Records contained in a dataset

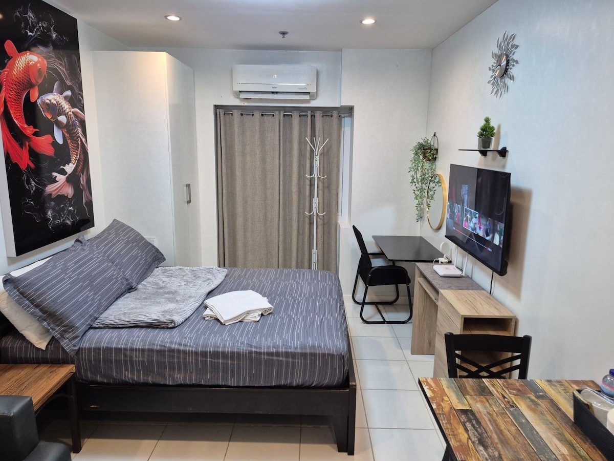 Selamat datang di unit studio yang nyaman di Quezon City ini, tempat peristirahatan sempurna Anda! Tempat ini memiliki tempat tidur double - size yang nyaman, smart TV 55 inci dengan Netflix, Disney+, dan HBO Go, yang dipasangkan dengan sofa kursi malas, dapur kecil yang ringkas namun lengkap, dan ruang tamu bergaya yang sempurna untuk bersantai setelah seharian menjelajah. Dengan kafe, restoran, dan tempat wisata yang hanya berjarak beberapa langkah, baik Anda berada di sini untuk bisnis atau liburan, studio ini menjanjikan masa inap yang menyenangkan di pusat kota.
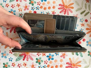 Portafogli con due grandi scomparti porta carte (20 postazioni disponibili) e porta monete chiusura con zip
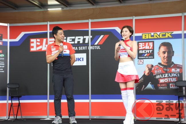 そんな盛りだくさんのヨシムラ ツーリング ブレイクタイムですが、イベント中に同社の「Yoshimura SERT Motul」のチームディレクターを務める加藤陽平氏からサプライズ発表がありました。
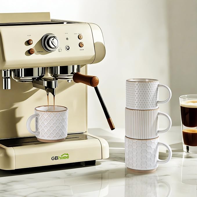 GBHOME 6OZ Stackable Coffee Mugs, Ceramic Coffee Mugs with Texture Patterns for Man,Woman,Dad,Mom, Modern Coffee Cups Set of 4 for Espresso/Cappuccino. Dishwasher&Microwave Safe
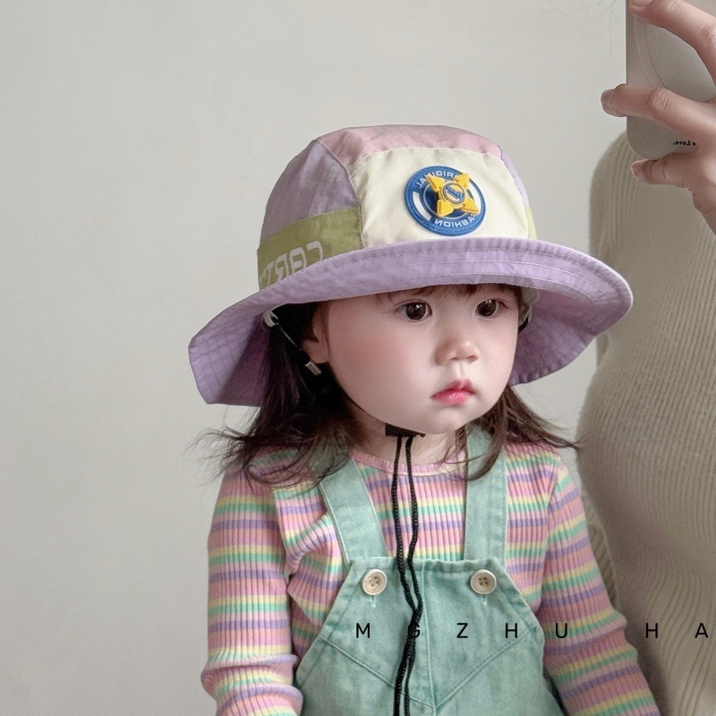 어린이 모자 봄과 가을 얇은 소년 모자 여름 아기 통기성 태양 모자 컬러 매칭 어깨 모자 소년 소녀를위한 트렌디스토어 가기

EXERCISE GOAL: Repeat the data above exactly, leaving out any pictures it holds.

SOLUTION TO THIS TASK:
 Selamat datang di unit studio yang nyaman di Quezon City ini, tempat peristirahatan sempurna Anda! Tempat ini memiliki tempat tidur double - size yang nyaman, smart TV 55 inci dengan Netflix, Disney+, dan HBO Go, yang dipasangkan dengan sofa kursi malas, dapur kecil yang ringkas namun lengkap, dan ruang tamu bergaya yang sempurna untuk bersantai setelah seharian menjelajah. Dengan kafe, restoran, dan tempat wisata yang hanya berjarak beberapa langkah, baik Anda berada di sini untuk bisnis atau liburan, studio ini menjanjikan masa inap yang menyenangkan di pusat kota.
 Portafogli con due grandi scomparti porta carte (20 postazioni disponibili) e porta monete chiusura con zip
 そんな盛りだくさんのヨシムラ ツーリング ブレイクタイムですが、イベント中に同社の「Yoshimura SERT Motul」のチームディレクターを務める加藤陽平氏からサプライズ発表がありました。
 GBHOME 6OZ Stackable Coffee Mugs, Ceramic Coffee Mugs with Texture Patterns for Man,Woman,Dad,Mom, Modern Coffee Cups Set of 4 for Espresso/Cappuccino. Dishwasher&Microwave Safe
 어린이 모자 봄과 가을 얇은 소년 모자 여름 아기 통기성 태양 모자 컬러 매칭 어깨 모자 소년 소녀를위한 트렌디스토어 가기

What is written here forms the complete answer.